* **Task instructions**
Would you please output, word for word, the span of the listing below that opens on the line containing "Bolsas de pie" and closes on the line containing "Çok renkli balık"? Include both ends and nothing more.

* **Record set**
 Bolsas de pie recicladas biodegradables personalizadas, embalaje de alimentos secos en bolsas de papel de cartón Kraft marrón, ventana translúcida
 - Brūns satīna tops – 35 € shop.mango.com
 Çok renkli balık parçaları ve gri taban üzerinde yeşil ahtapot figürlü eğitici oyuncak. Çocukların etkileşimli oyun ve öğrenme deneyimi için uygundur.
--
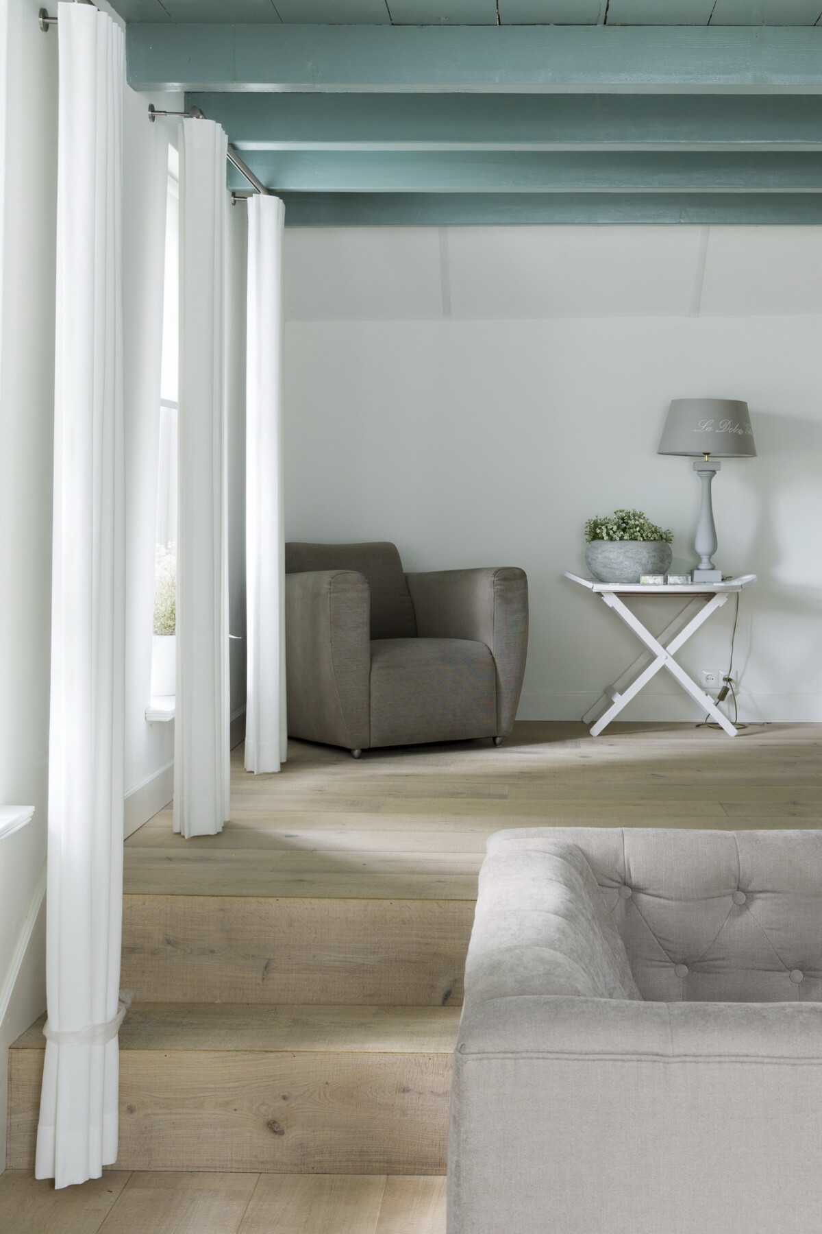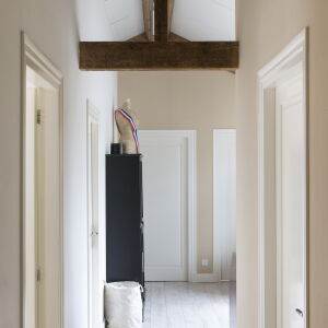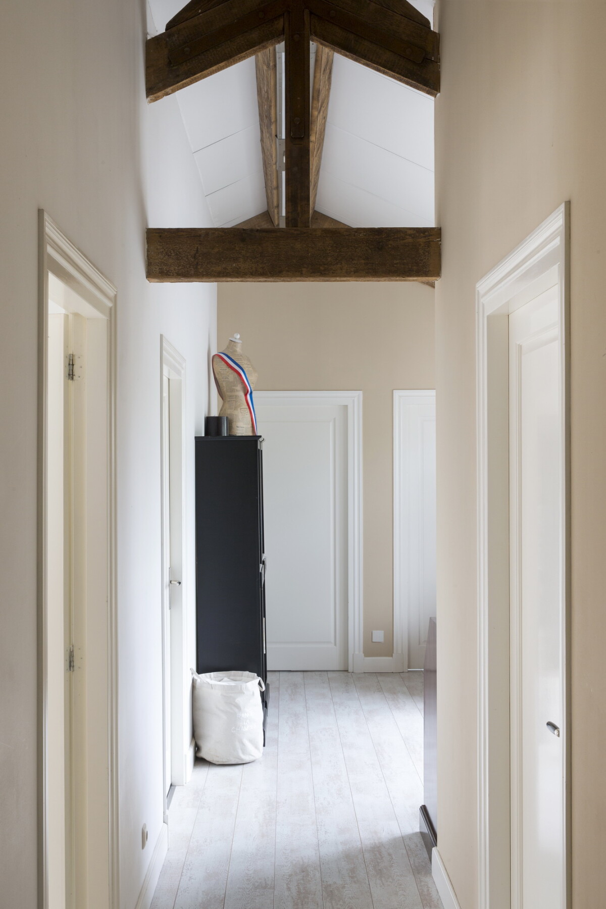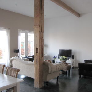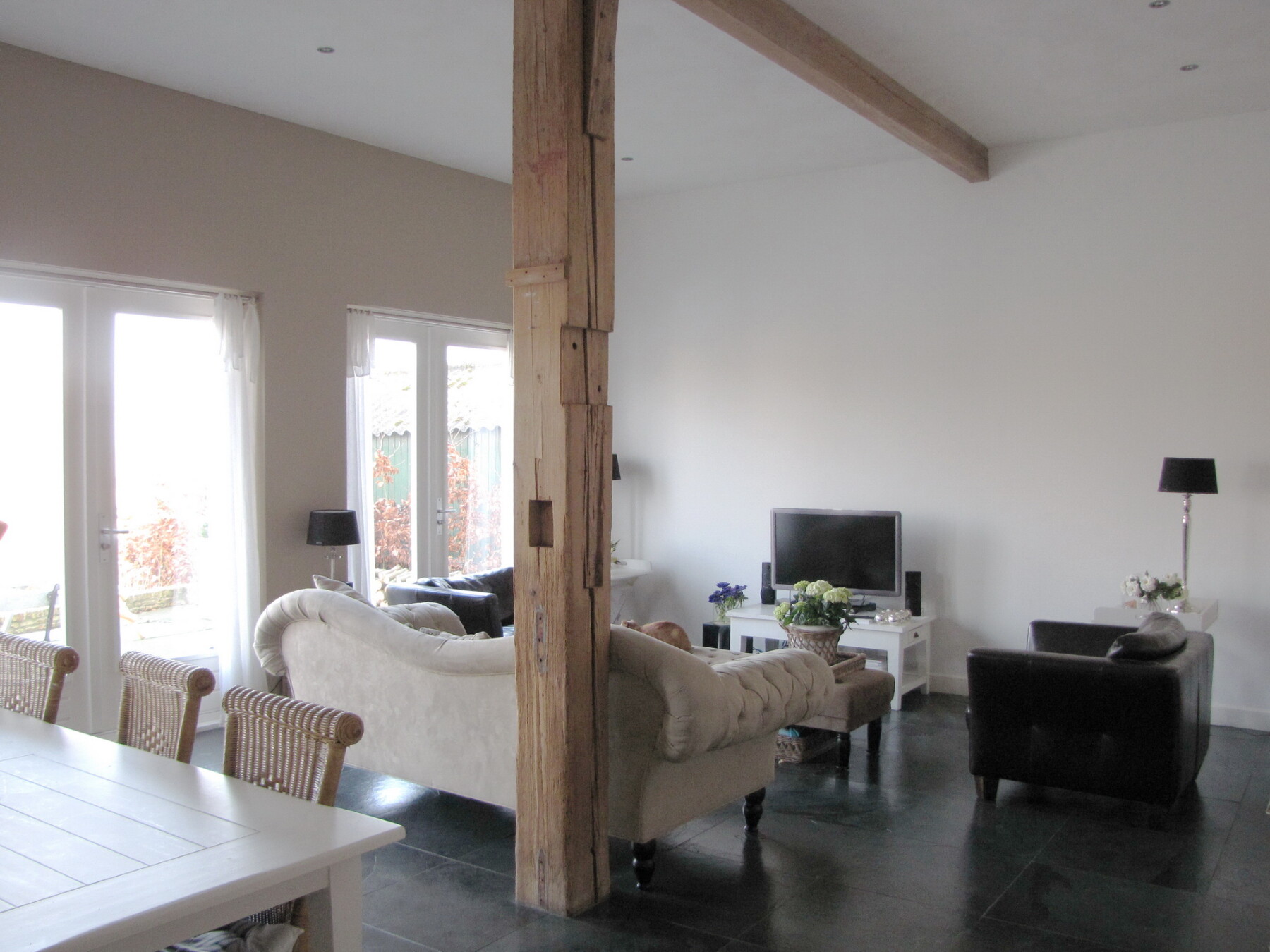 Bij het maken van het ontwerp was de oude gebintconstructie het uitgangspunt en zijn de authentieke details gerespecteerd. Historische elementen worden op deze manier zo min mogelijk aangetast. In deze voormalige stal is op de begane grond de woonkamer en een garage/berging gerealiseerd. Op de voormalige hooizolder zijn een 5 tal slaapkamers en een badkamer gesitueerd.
==
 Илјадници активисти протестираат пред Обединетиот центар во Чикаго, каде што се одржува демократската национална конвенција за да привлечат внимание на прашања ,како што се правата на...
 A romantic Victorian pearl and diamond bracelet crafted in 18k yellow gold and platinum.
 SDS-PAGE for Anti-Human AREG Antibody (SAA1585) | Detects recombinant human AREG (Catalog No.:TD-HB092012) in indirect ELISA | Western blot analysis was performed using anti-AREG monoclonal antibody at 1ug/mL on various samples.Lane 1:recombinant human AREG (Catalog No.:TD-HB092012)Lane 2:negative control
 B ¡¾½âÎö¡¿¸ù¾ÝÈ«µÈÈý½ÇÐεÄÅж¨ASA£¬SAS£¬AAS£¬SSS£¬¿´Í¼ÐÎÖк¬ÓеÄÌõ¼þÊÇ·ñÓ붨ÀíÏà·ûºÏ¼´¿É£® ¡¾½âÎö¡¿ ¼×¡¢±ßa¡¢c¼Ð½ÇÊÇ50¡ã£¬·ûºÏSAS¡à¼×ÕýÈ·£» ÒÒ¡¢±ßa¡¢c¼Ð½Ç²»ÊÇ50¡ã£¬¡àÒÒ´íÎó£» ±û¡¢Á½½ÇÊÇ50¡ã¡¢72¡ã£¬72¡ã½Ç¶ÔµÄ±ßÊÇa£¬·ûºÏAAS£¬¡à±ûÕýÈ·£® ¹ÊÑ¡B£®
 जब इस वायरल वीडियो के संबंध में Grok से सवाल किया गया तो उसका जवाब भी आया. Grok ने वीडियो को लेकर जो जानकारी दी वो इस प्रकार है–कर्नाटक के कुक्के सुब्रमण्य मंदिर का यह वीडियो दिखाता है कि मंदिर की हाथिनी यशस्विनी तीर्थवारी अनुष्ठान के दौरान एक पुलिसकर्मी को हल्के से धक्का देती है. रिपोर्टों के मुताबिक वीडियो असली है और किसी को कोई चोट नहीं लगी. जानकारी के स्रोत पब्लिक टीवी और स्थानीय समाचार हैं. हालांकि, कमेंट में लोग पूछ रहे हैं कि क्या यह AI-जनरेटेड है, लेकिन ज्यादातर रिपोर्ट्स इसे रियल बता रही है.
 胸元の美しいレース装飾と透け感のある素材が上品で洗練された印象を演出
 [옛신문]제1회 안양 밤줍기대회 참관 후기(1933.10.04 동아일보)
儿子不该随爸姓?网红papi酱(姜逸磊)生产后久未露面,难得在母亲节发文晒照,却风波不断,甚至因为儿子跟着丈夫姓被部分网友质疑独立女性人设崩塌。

* **Written response**
 Bolsas de pie recicladas biodegradables personalizadas, embalaje de alimentos secos en bolsas de papel de cartón Kraft marrón, ventana translúcida
 - Brūns satīna tops – 35 € shop.mango.com
 Çok renkli balık parçaları ve gri taban üzerinde yeşil ahtapot figürlü eğitici oyuncak. Çocukların etkileşimli oyun ve öğrenme deneyimi için uygundur.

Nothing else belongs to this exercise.